BrahmsThirdRacket · 24/02/2010 23:10

It feels like I'm eating loads and loads. If you asked me how much I felt I ate today, it would be about 3000 calories, but it physically isn't, it's about half that. It's such hard work because I'm stuck in between the two 'realities', the real reality that I need to put on weight and my own reality in which it feels really wrong. I feel OK with about 1300 a day max, because I read somewhere that's what you need to survive.

But despite all this I'm still not even sure I have an ED - it's not extreme enough, and I'll never be that obsessive. Sometimes I think I'm just lazy and vain and neurotic. Does anyone ever have perfect eating habits?

Don't think I could face acupuncture - I don't even want this blood test. Mind Over Mood is in the post I think.

OP posts:
twoisplenty · 25/02/2010 07:57

Reflexology is nice and relaxing. I take your point purplepeony.

Brahms, I wouldn't force yourself to eat more, just concentrate on eating things you like, when you like, but aim for three meals a day, or 6 snacks, whichever feels more comfortable. You do not have to put weight on yet. It will be detrimental because if you push it, you will end up wanting to eat less and feeling frustrated.

Once you start dealing with CBT or counselling etc, you can explore issues which, once done, you will no longer feel the need to control what you eat, you will feel more relaxed around food.

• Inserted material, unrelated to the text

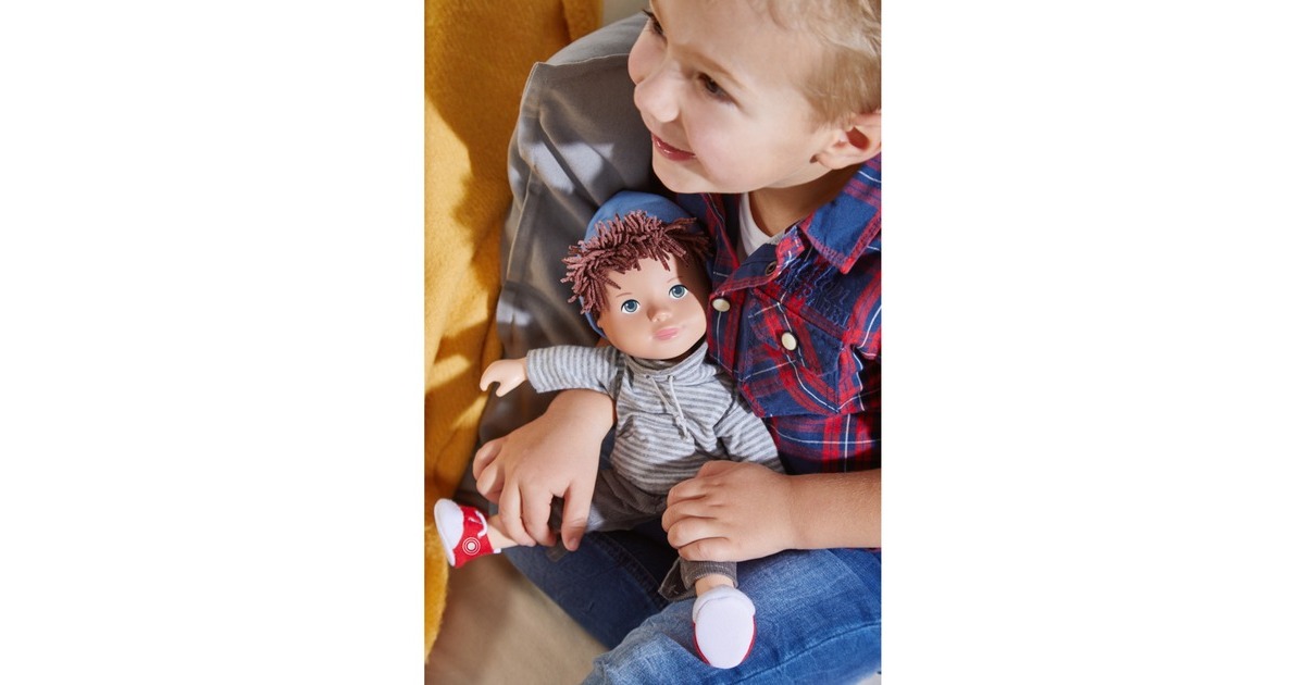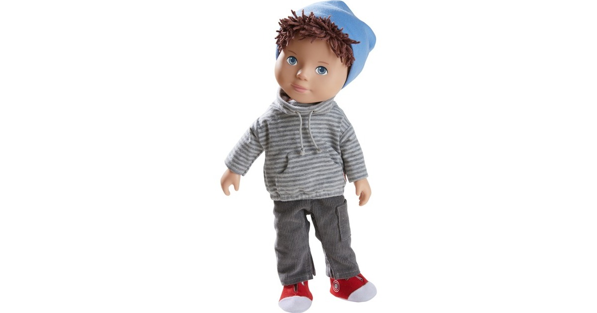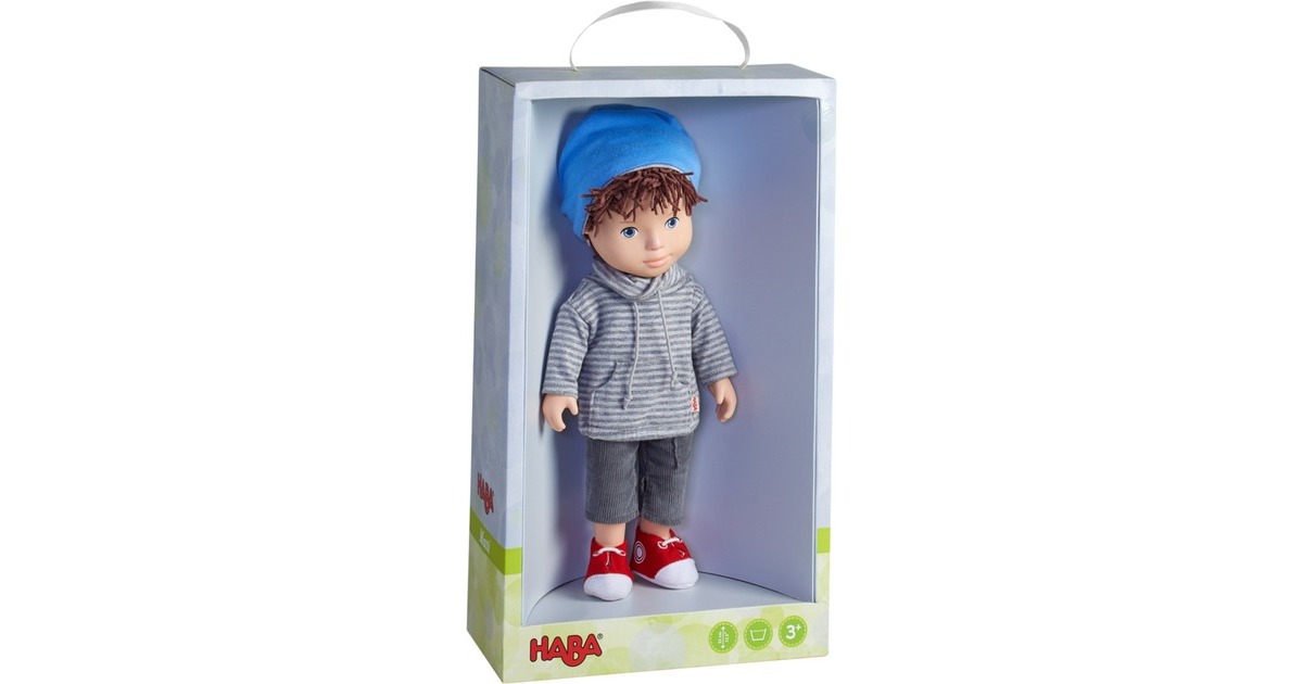 Die Spielpuppe Matti von HABA ist besonders cool und verbreitet überall gute Laune. Er begleitet Kinder in einer neuen Lebensphase, in der Rollenspiele, Kommunikation sowie die Entwicklung von sozialen Kompetenzen immer wichtiger werden. Darüber hinaus trägt Matti moderne, zeitlose Kleidung und begeistert junge Puppeneltern durch seine natürliche, lebensnahe Gestaltung, denn sein Körper ist den Proportionen eines Kindes nachempfunden. So können sich Kinder ganz besonders leicht in dieser HABA Spielpuppe wiederfinden. Der Körper der Puppe ist auch schön weich, während Kopf und Gliedmaßen aus Vinyl bestehen. Puppenmamas und -papas ab 3 Jahren lassen bei den Rollenspielen mit Matti ihrer Fantasie und Kreativität gerne freien Lauf.Art.-Nr.: 1678779
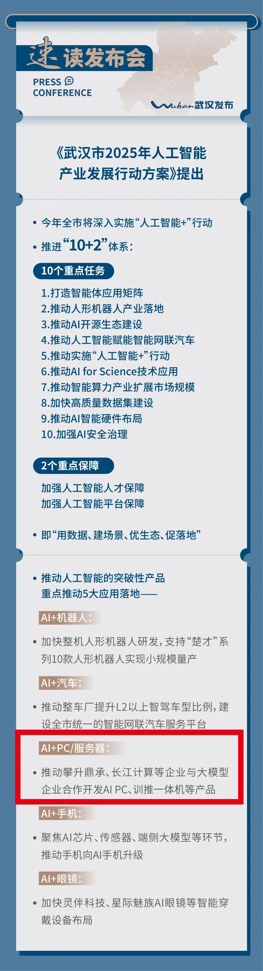 3月10日,《武漢市2025年人工智能產(chǎn)業(yè)發(fā)展行動方案》新聞發(fā)布會召開。《行動方案》明確將“AI+PC/服務(wù)器”列為推動人工智能的突破性產(chǎn)品,作為五大重點應(yīng)用之一予以落地,并點名支持攀升科技等企業(yè)聯(lián)合大模型廠商,攻關(guān) AIPC等產(chǎn)品。

And try not to compare your ed with people at death's door. You still have the same thought patterns. You are still struggling. You still want it resolving and to feel better about yourself and food.

purplepeony · 25/02/2010 16:26

Brahms, sorry but you do have an ED- even thinking about the cals and writing what you have just now is not "normal".You can survive on less but that's not the point is it? I did a weight loss thing online as I want to lose about 5lbs and because I am small anyway, the stats said I needed to eat around 800-900 cals a day to lose 2lbs a week. The point I am making is that you should not be obsessing over what you should eat to stay alive- but what you should eat to be a healthy weight.

Why not aim for 6 small meals and graze? Do you like dips, hummus,nuts, dried fruits and easy to nibble foods like that? They are high in cals and nutritious too.